Summary
このプロトコルの目的は、高解像度の呼吸を使用してそのまま 832/13 ベータ細胞に及ぼす天然化合物の存在下でのミトコンドリアの呼吸にグルコース依存性の変化を測定するためです。
Abstract
高解像度の呼吸は、分離ミトコンドリア、細胞、組織の酸素消費量の測定が可能です。Β 細胞は、高グルコース濃度に応じてインスリン分泌を制御血糖レベルが体内で重要な役割を果たします。インスリン分泌は、糖代謝とミトコンドリアの呼吸によって制御されます。したがって、そのまま β 細胞呼吸を測定する糖尿病の治療として β 細胞機能を改善することが不可欠です。Β 細胞の細胞呼吸のグルコース濃度の増加の効果を測定することができますを派生そのまま 832/13 プラグイン-1 を使用します。このプロトコルは、ベータ細胞の呼吸を可能にする効果を決定する種々 の化合物の存在の有無で測定することができますそのまま細胞の呼吸に化合物を与えられました。低 (2.5 mM) または高グルコース (16.7 mM) の条件の存在下で β 細胞呼吸に及ぼすクルクミン、エピカテキン単量体、2 つの自然発生する化合物を示します。この手法は、様々 な化合物が異なるグルコース濃度の存在下でそのまま β 細胞呼吸に及ぼす影響を決定する使用できます。
Introduction
膵臓のベータ細胞の主な目的は、グルコース刺激によるインスリン分泌を介してシステムな場合を維持することです。Β 細胞感覚主低親和性、高容量グルコーストランスポーター GLUT2 によりブドウ糖の循環の生理学的変化 (ブドウ糖トランスポーター 2、Km 16.7 mM)1。循環のブドウ糖のレベルの上昇とこの高容量低親和性トランスポーターは β 細胞内でブドウ糖を細胞内に比例して増加を促進します。グルコースは解糖系、TCA サイクル (トリカルボン酸) 細胞 ATP (アデノシン三リン酸) レベルの上昇で、その結果ミトコンドリア呼吸代謝されます。高架の ATP 濃度は ATP 敏感な K+チャネル、膜の脱分極の結果をブロックします。膜の脱分極を引き起こす電圧依存性 Ca2 +チャネルの開口部と小胞の後続のリリース バインド インスリン顆粒2。Β 細胞機能不全を示し、低下し、コントロール不良インスリン分泌と最終的には β 細胞死3(T2D) 2 型糖尿病の特徴です。ダグラス T2D 用治療薬として維持または β 細胞機能を改善するメカニズムを使用できます。

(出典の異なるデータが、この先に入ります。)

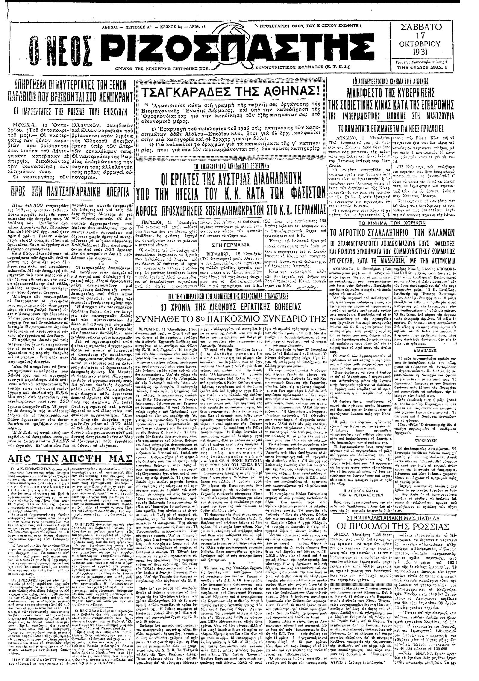 Ριζοσπάστης 17/10/1931

研究は、天然の有益な効果を示している膵 β 細胞4植物化合物。これらの化合物増加 β 細胞の増殖、生存、またはグルコース刺激によるインスリン分泌に効果があります。例として、最近の研究は、エピカテキン単量体ミトコンドリア呼吸の増加を介してのグルコース刺激によるインスリン分泌を高め、レベル5の細胞の ATP を増加を実証しています。したがって、これらの化合物は機能の β 細胞を増やすことができますどのように理解質量は潜在的な治療としてこれらの化合物を活用することが重要です。
細胞呼吸は、ツールの数を測定できます。高解像度計グリセリンまたはそのままのセル人口6化学変調器の滴定の使用します。このツールは、このように幅広い情報を与える異なる濃度で様々 な化合物の添加を許可します。

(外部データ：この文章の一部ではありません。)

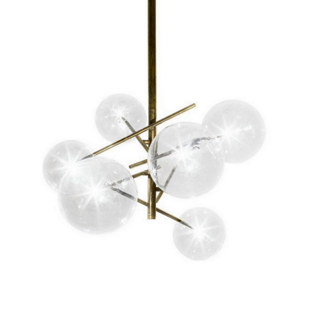 Шикарная люстра Bolle 6Люстра Bolle 6 – оригинальное творение великого мастера света. Она была высоко оценена во время выставки дизайнерских светильников не только профессионалами, но и почитателями таланта художника. Его неповторимый стиль и оригинальность мышления позволили создать уникальную коллекцию, которая стала очень популярной во всем мире.Мастер использовал старинные знания итальянских стеклодувов и инновационные технологии современности.Модель представляет три пары прозрачных плафонов круглой формы, которые изготавливаются вручную. Свет от галогеновой лампы, которая заключена внутри на декоративном латунном стержне.Основой люстры является каркас из латунных стержней, на которые закреплены светящиеся шары разного диаметра. Конструкция подвешена к потолку и находится на металлическом основании.Металл прошел обработку искусственного старения – это пятна, небольшие вмятины, легкая патина. Рисунок всегда эксклюзивный, повторить который невозможно. Это придает дополнительную ценность светильнику.Длина штанги регулируется, что дает возможность использовать для различных по площади помещений.Люстра прекрасно будет сочетаться со стилем Арт-Деко и Модерн в гостиной, кухне. Станет украшением и ярким источником света в уютном кафе, модном ресторане, отеле.Цоколь:G4;LEDКоличество плафонов:6Форма плафона:ШарВысота:65 смДиаметр:55 смКоличество ламп:6Источник освещения:В комплект не входитСтиль:Арт-Деко;МодернМесто применения:HoReCa;Гостиная;Кухня;Лофт;Отель;Прихожая;Спальня;Столовая

糖代謝と β 細胞機能との間に親密な関係を考えると、細胞呼吸の測定が重要です。細胞呼吸の測定を行うことができます独自の利点と欠点の7,8のセットを持っているそれぞれのグリセリンまたは無傷のベータ細胞を使用して。Β 細胞の透過電子輸送チェーンのさまざまな側面を測定することができます、なしで β 細胞は、グルコース取り込み代謝呼吸を誘発するメカニズムに関しては。したがって、unpermeabilized のベータ細胞の呼吸の使用は、読み出しとして酸素消費量を使用して様々 な血糖値のレベルに対する β 細胞の応答を判断する非常に有用なテクニックです。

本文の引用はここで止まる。